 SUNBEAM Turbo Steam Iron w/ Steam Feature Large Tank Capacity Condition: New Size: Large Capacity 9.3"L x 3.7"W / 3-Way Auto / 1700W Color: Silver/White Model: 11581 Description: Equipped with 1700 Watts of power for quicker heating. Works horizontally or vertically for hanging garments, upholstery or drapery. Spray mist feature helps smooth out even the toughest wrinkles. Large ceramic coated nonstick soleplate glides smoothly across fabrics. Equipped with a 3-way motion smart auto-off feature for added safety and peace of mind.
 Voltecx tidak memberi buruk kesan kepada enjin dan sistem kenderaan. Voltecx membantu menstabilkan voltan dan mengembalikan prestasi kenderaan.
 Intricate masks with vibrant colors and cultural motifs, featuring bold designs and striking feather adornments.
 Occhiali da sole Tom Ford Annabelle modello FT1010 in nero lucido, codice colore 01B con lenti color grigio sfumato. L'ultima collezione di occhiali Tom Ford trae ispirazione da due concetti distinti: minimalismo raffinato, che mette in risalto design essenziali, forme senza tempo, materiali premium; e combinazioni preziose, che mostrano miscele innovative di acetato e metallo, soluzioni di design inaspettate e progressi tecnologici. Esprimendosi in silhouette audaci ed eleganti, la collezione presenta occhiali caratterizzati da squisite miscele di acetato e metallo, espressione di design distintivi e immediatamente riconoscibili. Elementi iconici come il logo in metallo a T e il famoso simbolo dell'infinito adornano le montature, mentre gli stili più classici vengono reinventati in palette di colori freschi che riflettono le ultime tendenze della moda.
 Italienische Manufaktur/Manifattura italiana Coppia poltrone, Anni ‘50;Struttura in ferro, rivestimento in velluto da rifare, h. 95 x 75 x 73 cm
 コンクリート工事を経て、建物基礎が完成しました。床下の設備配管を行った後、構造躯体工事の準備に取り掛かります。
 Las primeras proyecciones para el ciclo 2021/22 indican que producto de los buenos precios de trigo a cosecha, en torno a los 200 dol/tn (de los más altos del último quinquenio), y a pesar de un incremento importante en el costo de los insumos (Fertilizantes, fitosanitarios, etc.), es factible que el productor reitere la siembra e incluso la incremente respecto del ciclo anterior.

### Activity
Print, unaltered, every line from the beginning of the material down to the line with "Intricate masks with".

### Solved problem
 SUNBEAM Turbo Steam Iron w/ Steam Feature Large Tank Capacity Condition: New Size: Large Capacity 9.3"L x 3.7"W / 3-Way Auto / 1700W Color: Silver/White Model: 11581 Description: Equipped with 1700 Watts of power for quicker heating. Works horizontally or vertically for hanging garments, upholstery or drapery. Spray mist feature helps smooth out even the toughest wrinkles. Large ceramic coated nonstick soleplate glides smoothly across fabrics. Equipped with a 3-way motion smart auto-off feature for added safety and peace of mind.
 Voltecx tidak memberi buruk kesan kepada enjin dan sistem kenderaan. Voltecx membantu menstabilkan voltan dan mengembalikan prestasi kenderaan.
 Intricate masks with vibrant colors and cultural motifs, featuring bold designs and striking feather adornments.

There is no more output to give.